西側諸国はこのように見ていない。西側諸国は、ロシアを脆弱で壊れやすい国家であり、財政的に困窮しているため、ウクライナの戦線におけるいかなる逆転も(1998年に見られたような)パニック的な財政破綻をもたらしかねず、モスクワではエリツィン時代と同様の政治的無政府状態を引き起こしかねないと考えている。 この誤った不条理な分析に基づいて、西側諸国はウクライナを経由してロシアに戦争を仕掛けた。この戦争戦略は常に、ロシアの政治的・経済的脆弱性(そしてソ連型の硬直した指揮系統に陥っている軍部)を前提としていた。 この戦争は、エリツィンの荒廃は西側自由主義への転向の必然的な結果であったという習近平プーチンの強い信念を理解できなかったことに少なからず起因している。

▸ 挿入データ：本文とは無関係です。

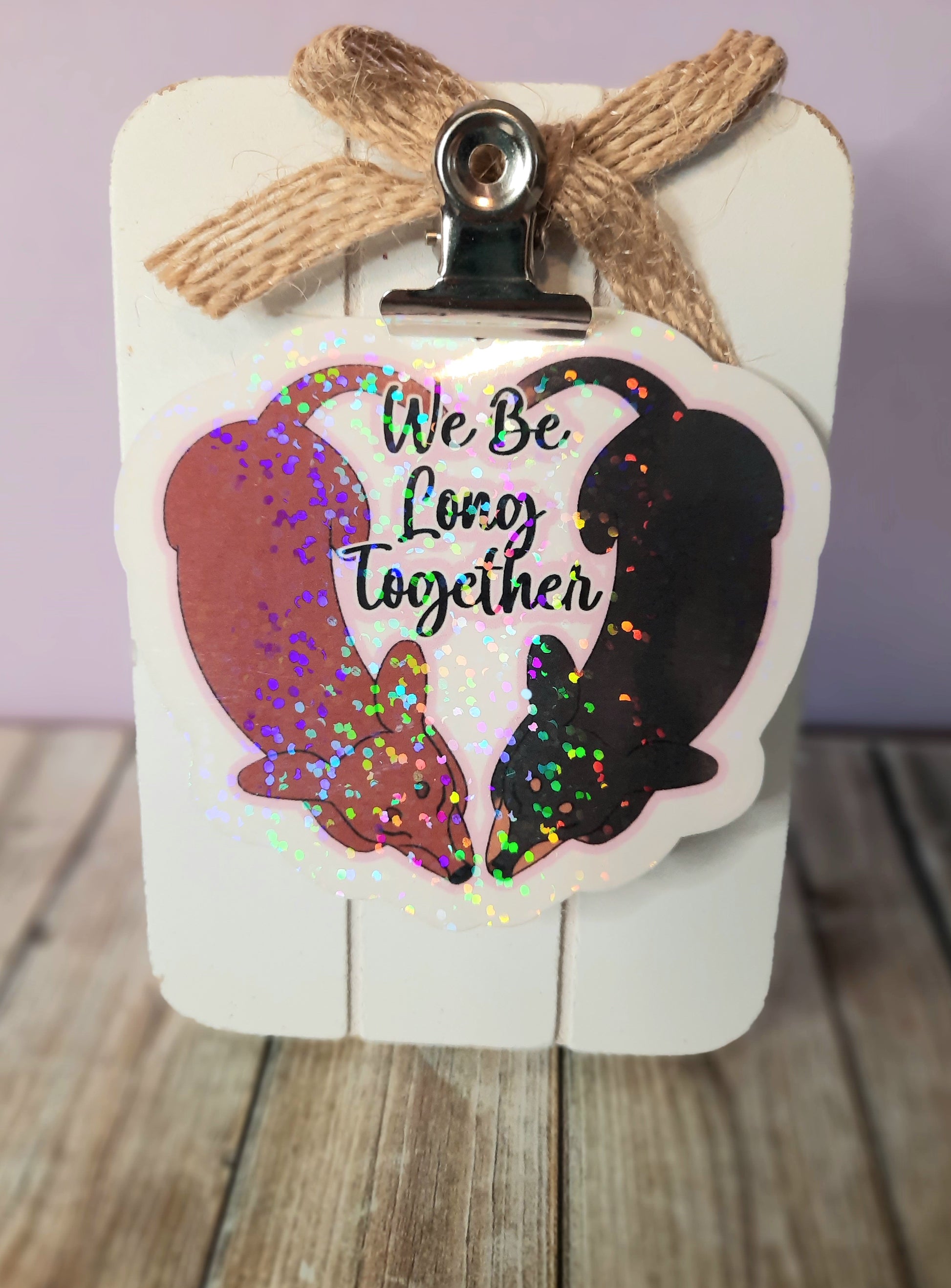 These weenies are too cute! This would be a wonderful valentines gift for February, or any time for us dachshund lovers! It features two sleeping dachsunds forming a heart and is laminated with holographic overlay.

そして、この欠陥は協調して修正する必要があり、プーチンはそれをきちんと実行したが、西側諸国はそれに気づかなかった。 しかし米国は、証拠に反して、ロシア固有の脆弱性は「英国的」経済教義からの脱却によって説明されるという確信に固執している。これは西側の希望的観測である。 一方、ほとんどのロシア人は、西側の金融の猛攻撃に直面したロシアの回復力は、プーチンが米国が支配する西側の経済圏の外で、ロシアを自立に導いたからだと考えている。 こうしてパラドックスが説明される: プリゴジンの「反乱」に直面して、ロシア人はロシア国家に対する自信と支持を表明した。一方、フランスの反乱では、国民は自分たちが陥っている「罠」に対する不満と怒りを表明した。マクロンの「銀行」に対する政治的駆け引きが始まっている。